The bond market has already been tricky to navigate, especially given the overall weakness in prices amid rising inflation and a tightening Federal Reserve policy. This is especially the case for fixed income investors who are opting to chase yield via riskier assets.
With yields rising across the board for bonds, investors are thinking twice before jumping into risky assets like high yield bonds. In a market environment where recession talks are not uncommon, high yield may not be worth the risk when investment-grade debt could be the easier path in a market where unknowns remain.
“But yields are at 7.5% of May 17, up from 4.42% since the beginning of January, according to the ICE Bank of America U.S. High-Yield Index,” the report added further.
Getting Active With High Yield
One way to approach the high yield debt market is to opt for an active management strategy. This essentially puts the selection of high yield debt holdings in the hands of professionals as opposed to self-directed investors or advisors doing the legwork themselves.

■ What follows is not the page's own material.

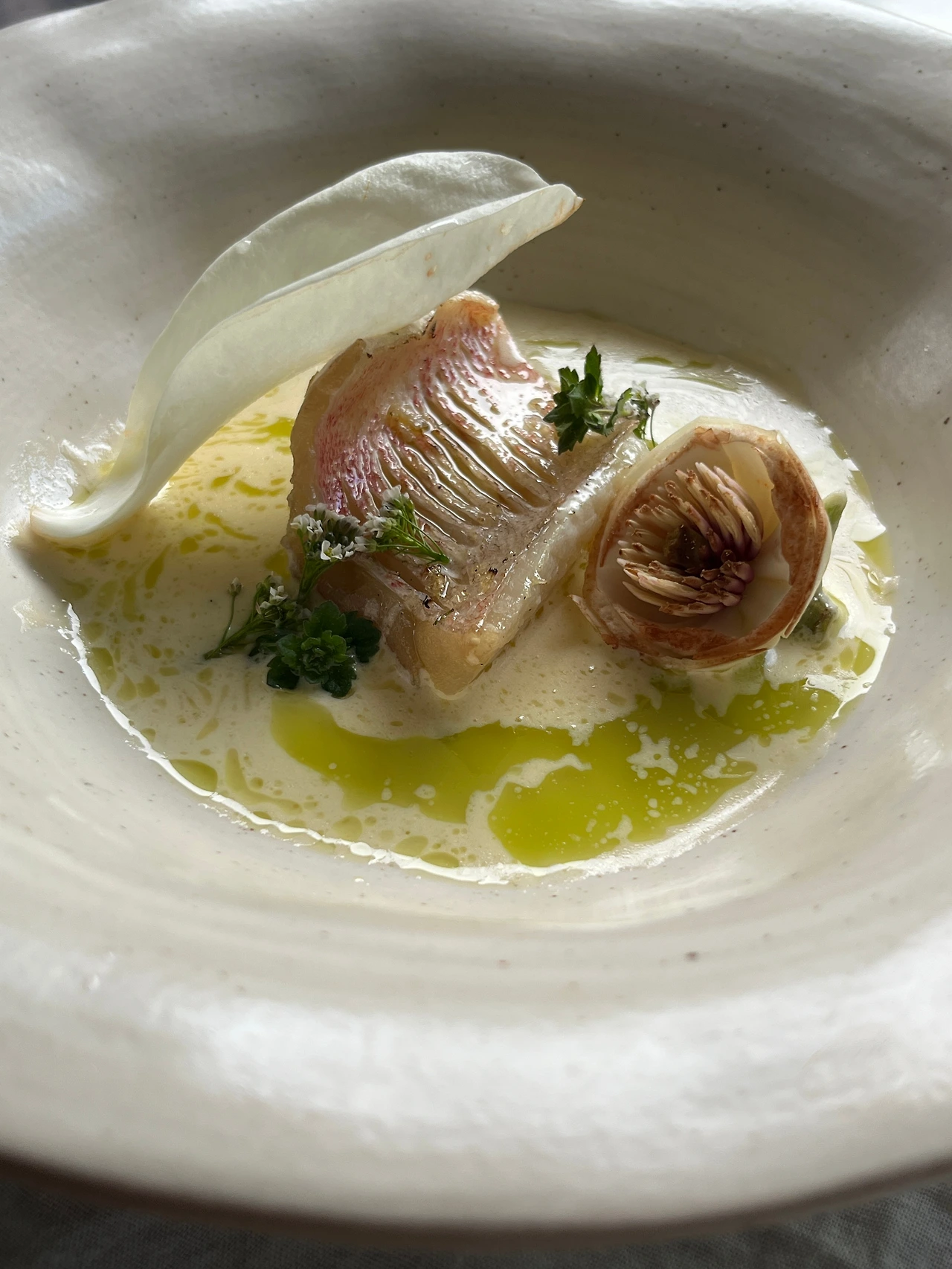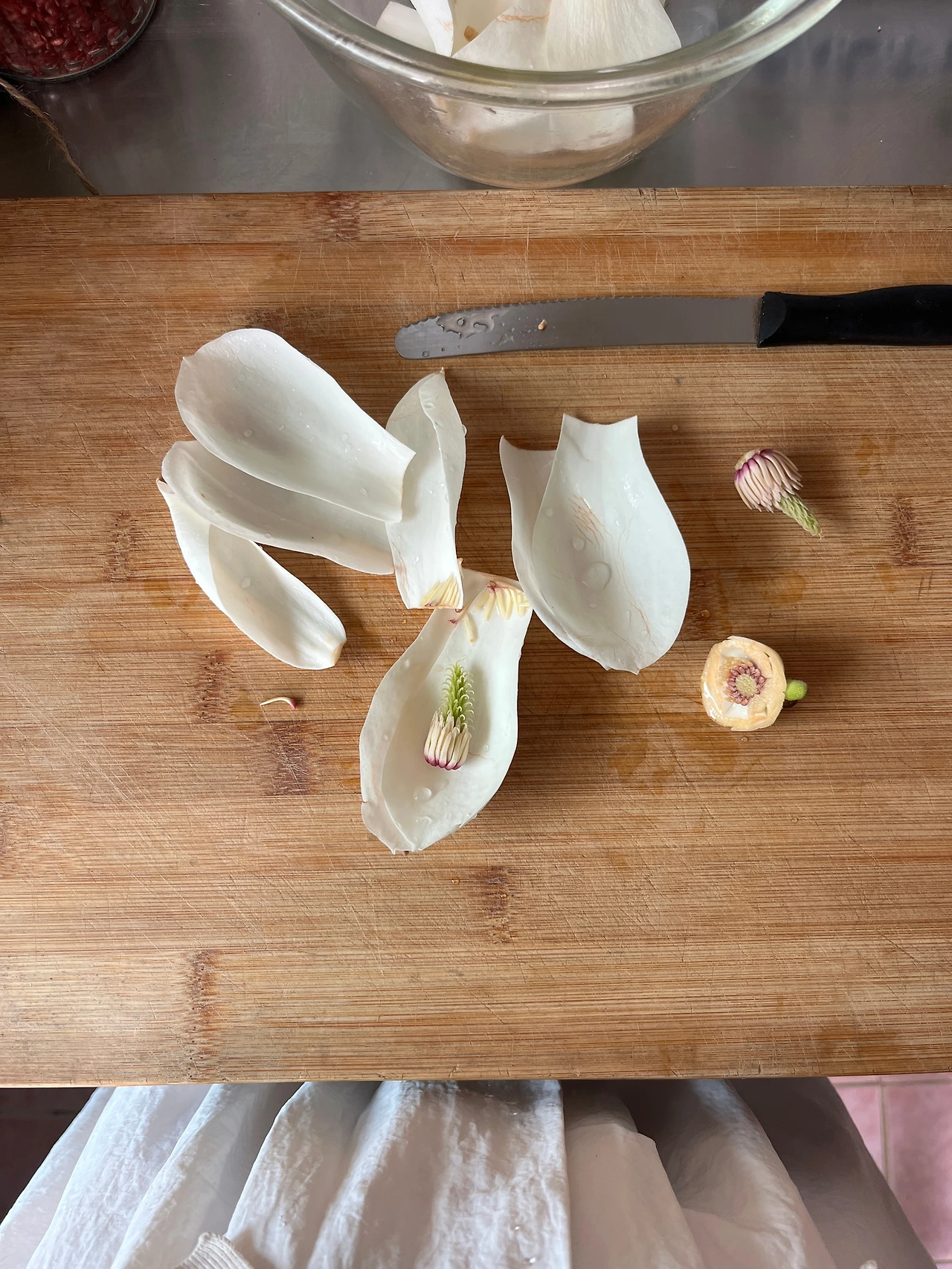 목련 뵈르블랑 : 목련 4개의 잎, 생크림50ml, 버터 60g, 화이트식초50ml, 화이트와인과 개복숭아주 혼합하여 200ml, 달래뿌리 한줌, 소금 1g
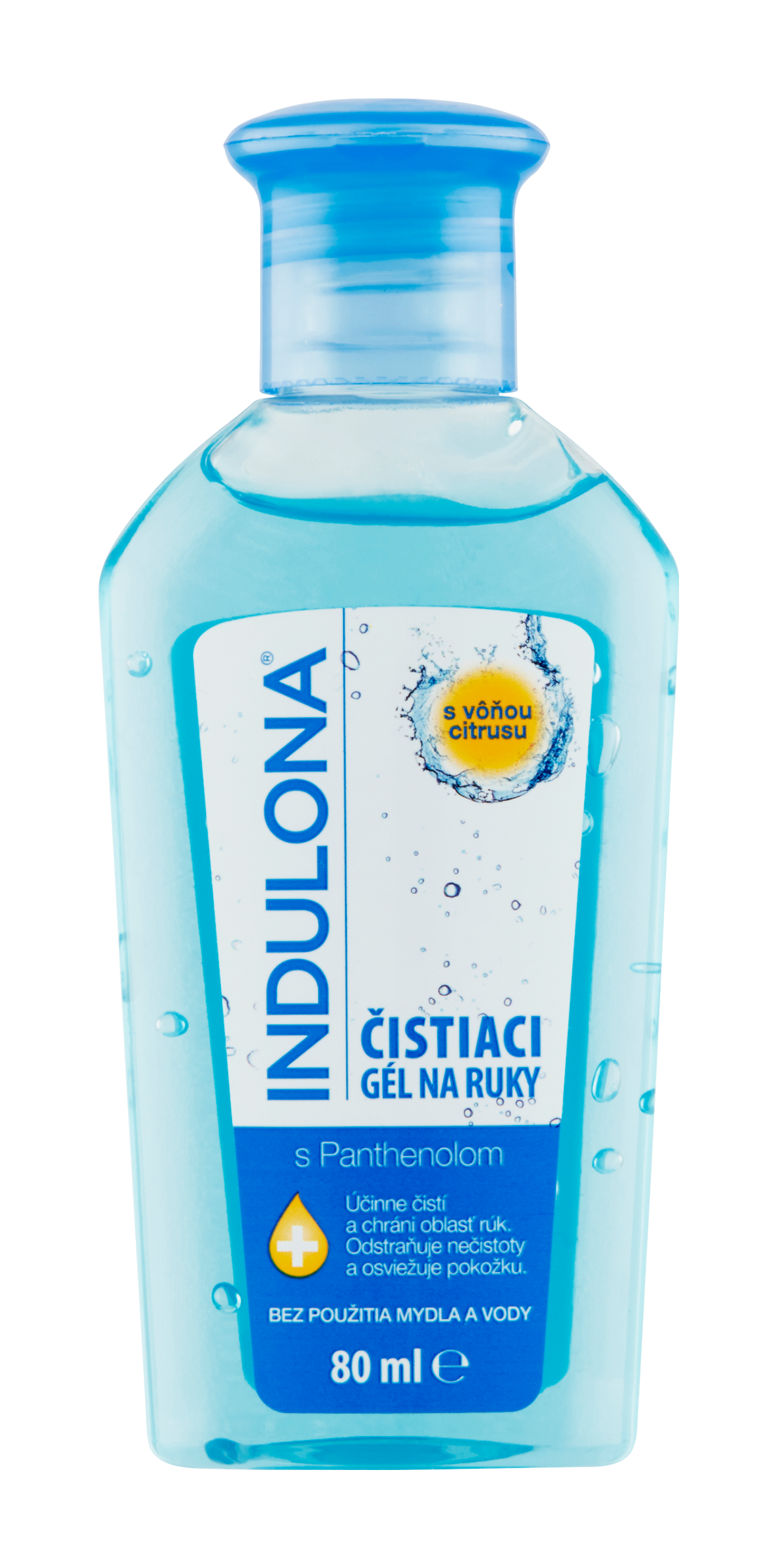 Indulona je čisticí gel na ruce s panthenolem a vysokým obsahem alkoholu (65 %), který účinně čistí ruce bez použití mýdla a vody.

This can all be had with an active exchange traded fund (ETF) like the American Century Select High Yield (AHYB), which has an expense ratio of 0.45%. The fund actively invests primarily in BB- and B-rated debt issues in pursuit of high current income and risk-adjusted returns.
The fund itself is subadvised by a veteran team at Nomura Corporate Research and Asset Management, a firm that has specialized in the high yield market since its founding in 1991. According to the fund’s product website, the managers apply a research-intensive process that seeks to identify companies that they believe can:
- Carry debt loads across market cycles
- Generate sustainable cash flows
- Decrease leverage on their balance sheets in pursuit of higher ratings
In order to crack into its diverse array of holdings (almost 480 as of April 30), the fund utilizes a top-down macro overlay that establishes duration and ratings distribution. Then, sector allocations are determined through a bottom-up security selection.
The majority of the fund (55%) ranges between five and 10 years, thereby limiting duration within the intermediate range in order to minimize rate risk while enhancing yield at the same time. As such, the weighted average coupon is 5.54% — once again, as of April 30.